Exactly as they appear below, repeat the lines from the one with "to wifi-enabled printer!" through the one with "Movie nights come". Drop every picture.
#### STORED DATA
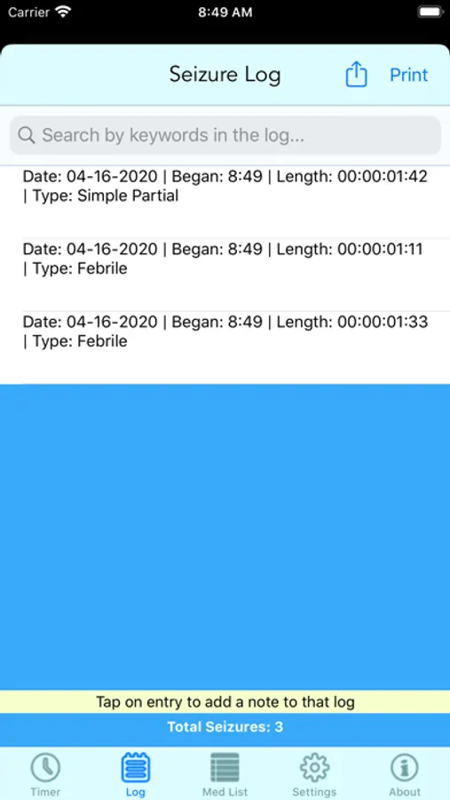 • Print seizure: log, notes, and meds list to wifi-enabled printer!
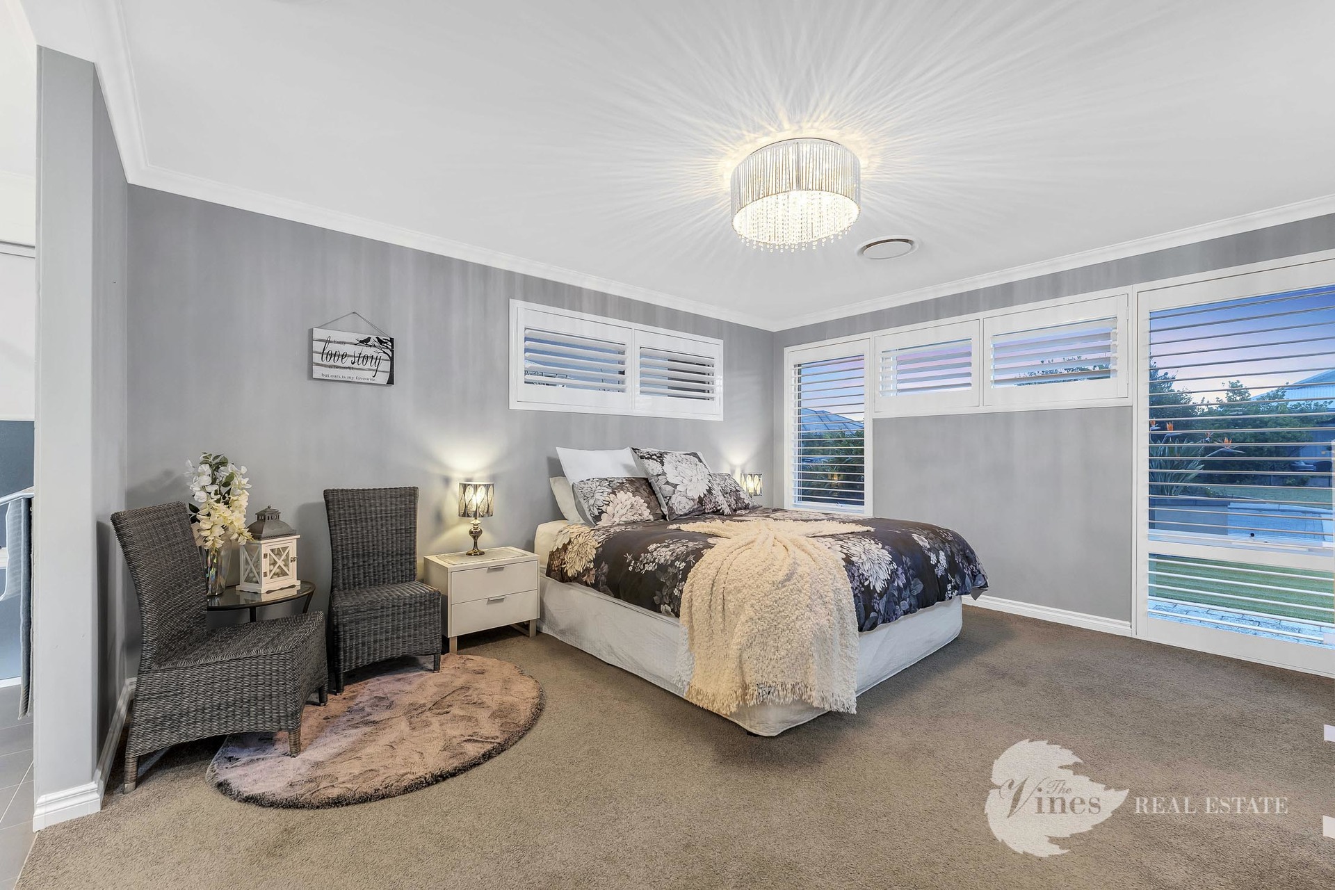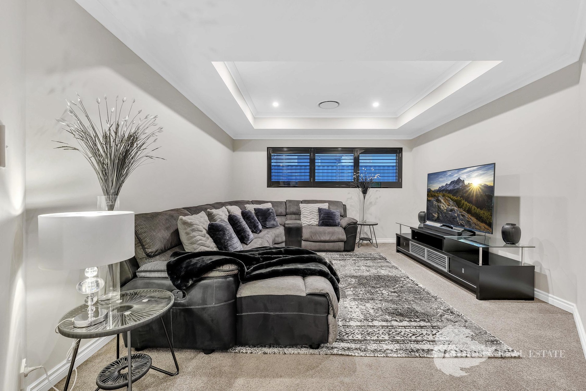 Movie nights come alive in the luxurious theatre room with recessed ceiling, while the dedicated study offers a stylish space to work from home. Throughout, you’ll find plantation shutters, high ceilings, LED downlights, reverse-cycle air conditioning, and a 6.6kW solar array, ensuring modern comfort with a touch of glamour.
########
#### STORED DATA
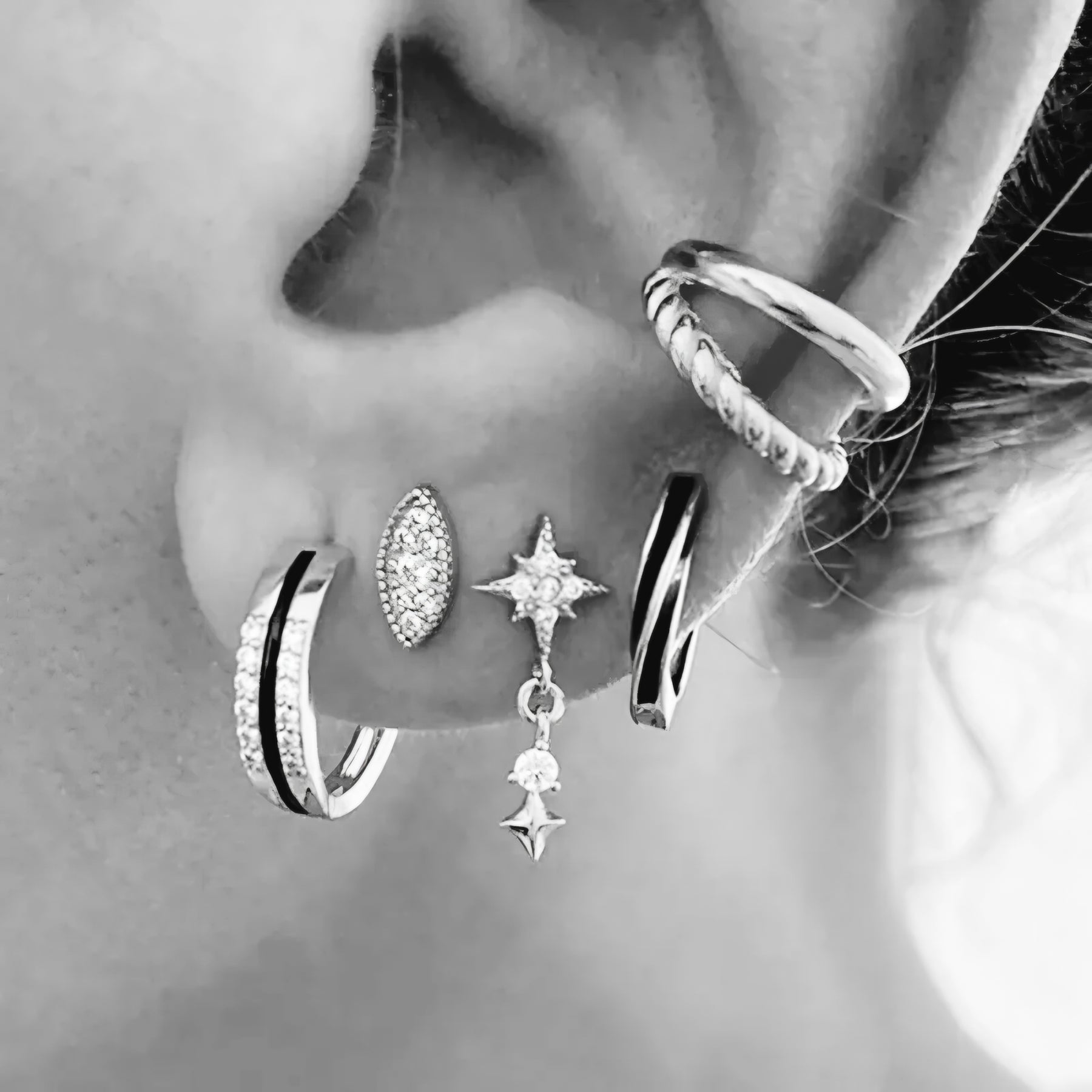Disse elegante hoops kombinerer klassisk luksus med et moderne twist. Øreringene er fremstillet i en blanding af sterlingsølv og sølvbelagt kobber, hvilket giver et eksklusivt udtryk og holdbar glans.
########
SOLUTION:
 • Print seizure: log, notes, and meds list to wifi-enabled printer!
 Movie nights come alive in the luxurious theatre room with recessed ceiling, while the dedicated study offers a stylish space to work from home. Throughout, you’ll find plantation shutters, high ceilings, LED downlights, reverse-cycle air conditioning, and a 6.6kW solar array, ensuring modern comfort with a touch of glamour.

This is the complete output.